ECLI:NL:GHSHE:2016:5685
Gerechtshof 's-Hertogenbosch
- Beschikking
- J.P.F. Rijken
- H. Eijsenga
- J.M. Reijntjes
- Rechtspraak.nl
Beklag ex art. 12 Sv tegen niet vervolgen van officier van justitie en leden WOD-team
In deze zaak gaat het om een beklag ex artikelen 12 en 13 van het Wetboek van Strafvordering, ingediend door klager, die aangifte had gedaan van bedreiging door onbekende personen. Klager, bijgestaan door zijn advocaat mr. M.J. van Essen, verzocht het gerechtshof om de vervolging van verschillende beklaagden te bevelen, waaronder een officier van justitie en leden van het WOD-team. De officier van justitie had eerder besloten om niet tot vervolging over te gaan, omdat er geen sprake zou zijn van een strafbaar feit. Klager was het hier niet mee eens en diende een klaagschrift in bij het hof.
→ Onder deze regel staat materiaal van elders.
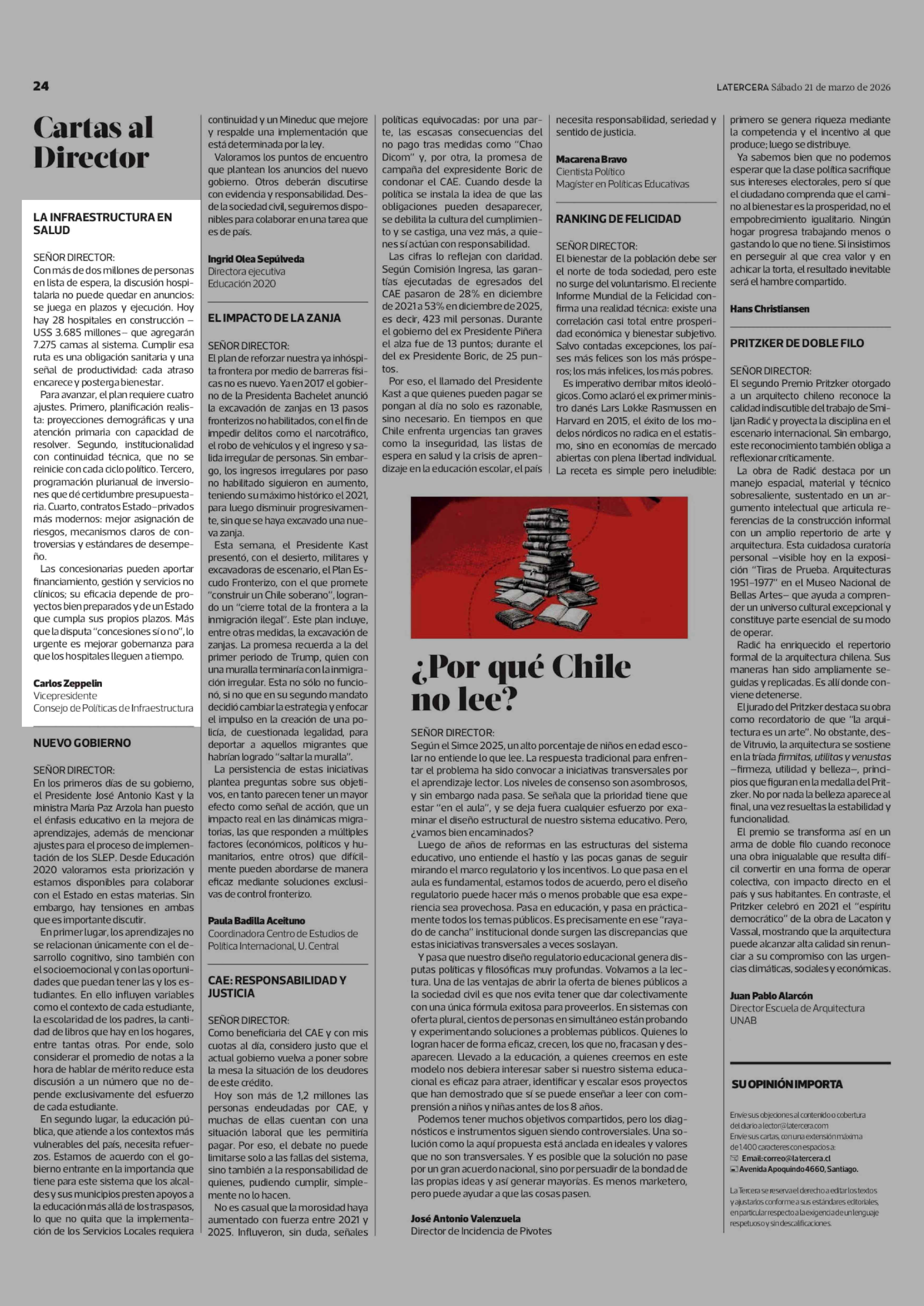 Cartas: LA INFRAESTRUCTURA EN SALUD 21-03-2026 La Tercera |

Het hof heeft de zaak behandeld in raadkamer, waarbij klager en zijn advocaat aanwezig waren. De advocaat-generaal adviseerde om het beklag af te wijzen. Tijdens de behandeling zijn de beklaagden gehoord, waaronder politiële informanten die betrokken waren bij de zaak. Klager had verklaard dat hij bedreigd was door twee mannen die hem geld vroegen in ruil voor informatie over een misdrijf. De beklaagden ontkenden echter dat zij bedreigende bewoordingen hadden gebruikt.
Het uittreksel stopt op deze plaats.